Population (2024-01-01)
- • Total: 35,872
- • Density: 480/km^{2} (1,300/sq mi)
- Time zone: UTC+1 (CET)
- • Summer (DST): UTC+2 (CEST (GMT +2))
- Postal code: 30730
- Area code: +34 (Spain) + 968 (Murcia)
- Website: Official website

= San Javier, Murcia =

San Javier (/es/) is a small town and municipality in the autonomous community and province of Murcia in southeastern Spain. The municipality is situated at the northern end of Murcia's Mediterranean coastline, the Costa Cálida.

== History ==
There is little trace in the historical and archaeological record of early human habitation in the municipality itself. There is, however, evidence of prehistoric human presence at several nearby locations, including Cabezo Gordo hill in Torre-Pacheco and the salty coastal lagoon, the Mar Menor.

San Javier was prized for its climate in Roman Hispania, and for the Mar Menor, where a salt industry developed. Traces of Roman and Carthaginian presence remain. A major Roman road, the Via Augusta, passes through the area and there are several underwater sites where, among other artefacts, pots and amphorae have been found.

In Al-Andalus, during Islamic rule in the Iberian Peninsula, while there was little Arab or Berber presence in the territory of the current municipality there is evidence of use of their fishing technology, known in Spanish as encañizada. Muslim presence is also attested in nearby Los Alcázares, where walls and cisterns from this period remain.

When King Alfonso X of Castile conquered the taifa of Murcia, the coastal area was only sparsely occupied, by shepherds and fishermen.

The Huerta de Murcia and Mar Menor regions were gradually repopulated between the 13th and 16th centuries. Some of the families obtaining property near the Mar Menor took their surnames from the local area: Lo de Tacón, Saavedra, Roda, Galtero y Aledo. New churches and chapels were built as new population centres developed. At the beginning of the 18th century, one of these small churches founded the hamlet of San Javier.

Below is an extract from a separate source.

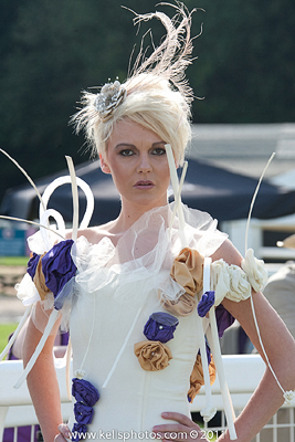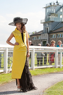 | Selection of photographs from the Charity Race Night Fashion Show at Cartmel Races (left to right, top to bottom): Steph modelling 'Ordinary Girl' (Alternative Royal Wedding Dress); Rachel modelling 'Black Widow' (RedDress:BlackDress) Lucinda with 'Midnight Sun' (Pyromania); Lucinda again, this time with 'Montreal No.4' (RedDress:BlackDress); and Brooke with 'Solway Sunset' (Spectrum in Four Seasons) All photographs copyright Mike Kells; Hats by Tracy Wells - The Hat Box. |
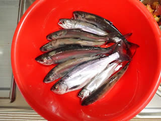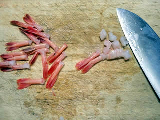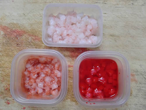 切っただけのもの、食紅で染めたもの、集魚剤に漬けたものの3種類です。

By 1809, the population of the villages of San Javier, Roda and La Calavera was 428.

During the three years of the Trienio Liberal (1820–1823), a number of town councils were established in the Huerta de Murcia and Mar Menor regions. One of these was in San Javier. When this period ended, the town council of San Javier was abolished and the area once again became a district of the municipality of Murcia. The San Javier town council was reinstated in 1836.

Over the last 30 years of the 19th century, economic hardship and poverty in the municipality led inhabitants to migrate to find work as farmhands and miners, in La Unión in Murcia and Oran in Algeria. At the close of the 19th century the area had 3,770 inhabitants, of whom half were farmers and the remainder fishermen and artisans.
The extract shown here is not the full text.